Much more powerfully than the neutral and amusing pulverization of Falconet’s statue, the literary staging of d’Alembert’s life rewrites the mathematician’s (and our) understanding of humankind’s relationship with the material world. By the end of this somewhat unnerving conversation, the doubtful mathematician informs Diderot that he has had quite enough of this exhausting repartee and will be returning to his house to go to sleep. Diderot warns d’Alembert (correctly, of course) that he will soon be dreaming about their exchange. The reverie that ensues introduces us not only to the confused biology of the sleeping mind, but also to a much more complete history of the human and the world, a history that is inaccessible to d’Alembert’s waking and skeptical mind. Once Diderot had completed this second and much longer dialogue in the last days of August, he set aside all false modesty and boasted to Sophie that “it was actually quite clever to put my ideas in the mouth of a man who is dreaming. One often has to lend an air of folly to wisdom.”21

AS D’ALEMBERT SLEEPS

Act 2 of the Dream opens with Mademoiselle de l’Espinasse at the bedside of the dreaming and apparently delirious d’Alembert. For hours, de l’Espinasse has been carefully jotting down all his garbled and seemingly irrational mutterings. While de l’Espinasse does not yet understand the torrent of ideas that she is transcribing, d’Alembert’s dreaming body is communicating the feeling of awe as he contemplates the significance of his life (or lack thereof) within a materialist universe.

D’Alembert’s dream begins precisely where he and Diderot had left off in their earlier conversation, with a reprise of his own progressive development from inert matter to responsive and conscious being: “A living point…No, that’s wrong. Nothing at all to begin with, and then a living point. This living point is joined by another, and then another, and from these successive joinings there results a unified being, for I am a unity, of that I am certain.”22

MADEMOISELLE DE L’ESPINASSE, WATERCOLOR AND GOUACHE

Metaphors and analogies flow freely as d’Alembert attempts to explain just how these diverse particles, elements, and compounds ultimately became him. Initially, he proposes that living molecules fuse together “just as a globule of mercury joins up with another globule of mercury.”23 He then shouts to Mademoiselle de l’Espinasse that progressive creation of identity is like a swarm of bees, a mass of tiny individuals that come together and communicate through various forms of tiny pinching: “the whole cluster will stir, move, change position and shape,…a person who had never seen such a cluster form would be tempted to take it for a single creature with five or six hundred heads and a thousand or twelve hundred wings.”24

When initially speaking with Diderot, d’Alembert had not taken such views of identity seriously.
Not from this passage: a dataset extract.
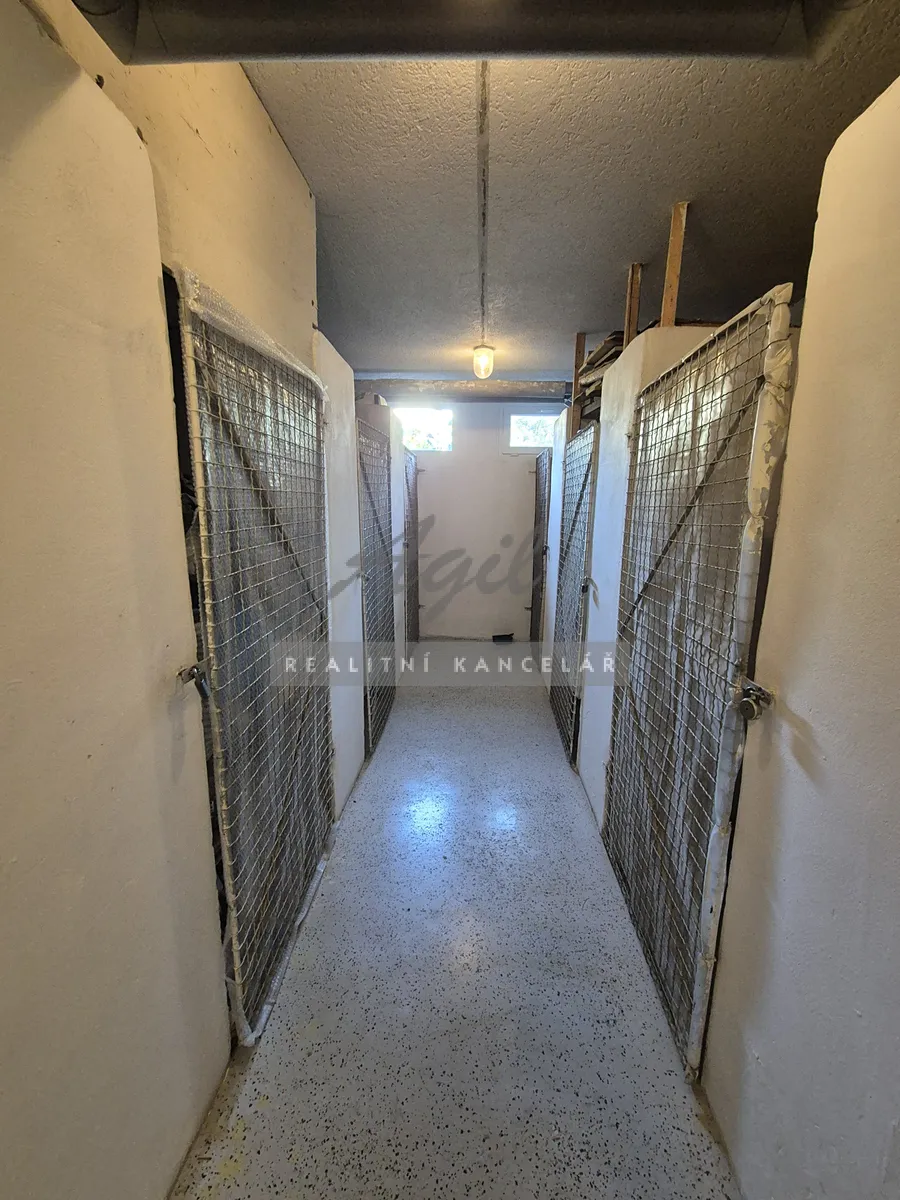 Kuchyně – kuchyňská linka, digestoř, lednice s mrazákem, mikrovlnná trouba, stůl 2x židle, spížka, lednice s mrazákem, 2x samostatně stojící policová skříňka, 2x nástěnná skříňka s policemi

The dreaming geometrician, however, is far more adventurous asleep than awake, not only proposing that organs might contribute to his psychological identity, but also theorizing that a given animal might be split or divided into smaller groups of individuals according to organic subdivisions. To explain how this might happen, he once again conjures up the image of a swarm of bees that is functioning as an individual. This time, however, he proposes surgically altering the mass by cutting them apart where they were fused together, which would result in the production of new identities: “Now carefully, very carefully, bring your scissors to bear on these bees and cut them apart, but mind you don’t cut through the middle of their bodies, cut exactly where their feet have grown together. Don’t be afraid, you will hurt them a little, but you won’t kill them. Good — your touch is as delicate as a fairy’s. Do you observe how they fly off in different directions, one by one, two by two, three by three?”25

THéOPHILE DE BORDEU, ENGRAVING

FRESHWATER POLYPS, ENGRAVING AND WATERCOLOR, 1755

Dr. Bordeu interjects that d’Alembert’s bee swarm is a very useful image; this bee animal, he points out, is akin to a massive freshwater hydra or polyp that can be cut up into smaller individuals and “that can be destroyed only by crushing.”26 That Bordeu would choose to conjure up a freshwater hydra or polyp at this point in the Dream comes as no surprise. Diderot’s generation had been fascinated with these small creatures since 1744, when the Swiss naturalist Abraham Trembley first published his “observations” on these multicellular, half-inch-long aquatic invertebrates. Adorned with a varying number of leaflike appendages, the hydra looked like a plant, yet was also quite predatory, extending its tentacles far beyond its body to coil around small crustaceans and insect larvae. Even more shocking, and of particular interest to materialists, were the polyp’s regenerative powers. Cut a hydra in half — exactly like Diderot’s swarm of bees — and two entirely new hydras would swim off. In a world where the sanctioned belief was that God had formed animals on the fifth and sixth days of Creation, here was seeming proof that life could be generated (and even self-generate) in the present.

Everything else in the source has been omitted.